In the race toward the final finish line, many another animal of the American West is providing the coyote with severe competition—propaganda to the contrary. The black bear, which ranges in similar habitat and has similar carnivorous eating habits, almost certainly will die out before the coyote. Charles Orlosky, who worked as a Government trapper in western Colorado, says, "I learned quick that any bear that sets foot on sheep range is a dead bear. Maybe one out of every 25 bears will kill a lamb. Most bears will eat on a dead carcass, but there's damned few of them that will actually kill sheep." Orlosky remembers a case in the San Juan Mountains where a trapper caught 16 or 17 bears and still hadn't caught the sheep killer.

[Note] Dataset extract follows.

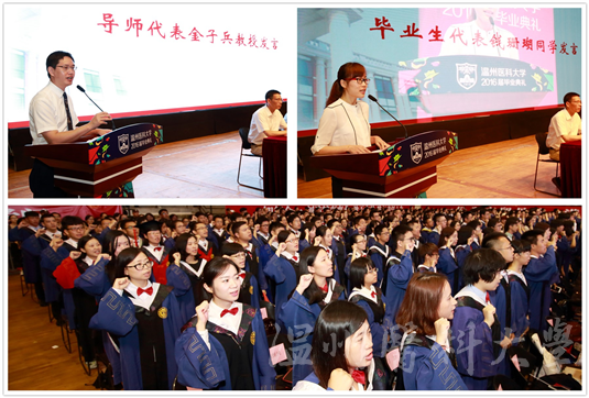 金子兵代表研究生导师发言,他以开车为比喻,勉励学生做一个坚持操守、保持平常心的“驾驶员”,努力挖掘自己的天赋,在人生旅途中越走越好。毕业生代表钱珊瑚回顾了自己的研究生生涯,对学校和老师表达了感激之情。全体毕业生在钱珊瑚的带领下宣读《医学生誓言》,志愿为祖国医药卫生事业的发展和人类身心健康奋斗终生。

The fox, another animal with eating habits similar to the coyote's, is also disappearing fast in large sections of the country. "They're smart," says Paul Gilbert, an area supervisor for Colorado's Department of Game, Fish and Parks, "but smartness isn't enough anymore. I've seen foxes and coyotes that'll move onto a ridge with a 1080 bait and won't be able to get off because of the deep snow around them. As long as they can, they'll circle away from that bait, but sooner or later starvation drives 'em to it. Animals like that don't have a chance against things like coyote getters and 1080." Even people from the Wildlife Services admit the danger to foxes. "Because the habits of the coyote and the red fox are similar," a bulletin says, "there is no practicable method of controlling coyotes in the midst of foxes on the high mountain sheep ranges in the summer or winter without killing some of these smaller canines." So the smaller canines are killed.

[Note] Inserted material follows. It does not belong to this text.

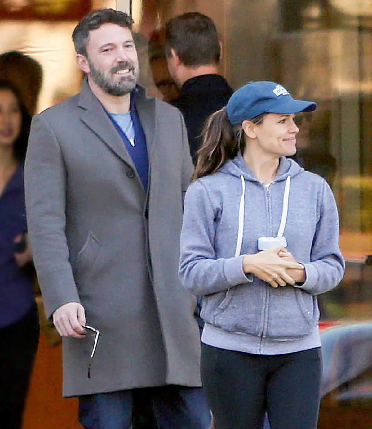 The Argo actor wore a grey peacoat, dark blue jeans and sneakers. The Camping alum, meanwhile, sported a blue baseball cap which she paired with a grey hoodie, black leggings and blue Nike sneakers.

"The kit fox is almost gone in Wyoming," says Game Warden Darwin Creek, "and the 1080 that's killed him off has also killed off the black-footed ferret. Only two or three black-footed ferrets and kit foxes have been seen in the last 10 years by all the wardens and all the biologists and all the wildlife people in the state." According to Creek, the situation is almost the same with other Wyoming furbearers. "Pine marten used to be thick till they started putting this poison out," the warden says. "Now there's practically none left."

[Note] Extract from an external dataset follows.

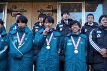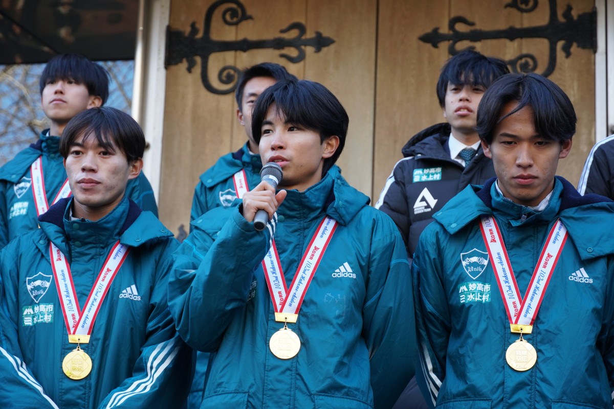「第102回箱根駅伝」で9度目となる総合優勝を3連覇で決めた青山学院大学が1月8日、青山キャンパス(渋谷区渋谷4)で優勝報告会を開き、原晋監督や優勝の立役者となった4年で主将の黒田朝日選手らが出席した。

The populations of carrion-eating animals—and carrion-eating birds like eagles and hawks and vultures—are all trending downward, partly because of 1080 stations and partly because of the drop baits of tallow-covered strychnine. And if a species is included on the poison Establishment's "most wanted" list, the fact that the animal eschews carrion or tallow is no protection. The hunters and their modern gadgetry will prevail. In the last few years there has been a sharp decline in the numbers of bobcats, despite the fact that Lynx rufus is like trout or bass—he wants to catch his food on the hoof and seldom will touch anything that he has not killed himself. To destroy this "predator" that annually does no more damage to livestock than domestic dogs, Government trappers revert to the art that once was their pride: steel trapping. It is not difficult to trap bobcats; they are creatures of habit, remaining in the same areas and usually working a single hunting runway over and over. Until recently, when the supply of bobcats began to diminish, Government trappers caught them in droves. Why? A primary reason is that the Fish and Wildlife Service is in several businesses simultaneously, and one of them is the sale of pelts. The bobcat's fur is valuable; hence the concentration on trapping them and the long hours spent in Wildlife Services seminars studying the proper preparation of bobcat skins for market. In Colorado, Government trappers took thousands of bobcats in the years before 1965, but even though the price of bobcat fur continued rising, the kill began to drop, and today the animal is becoming rare.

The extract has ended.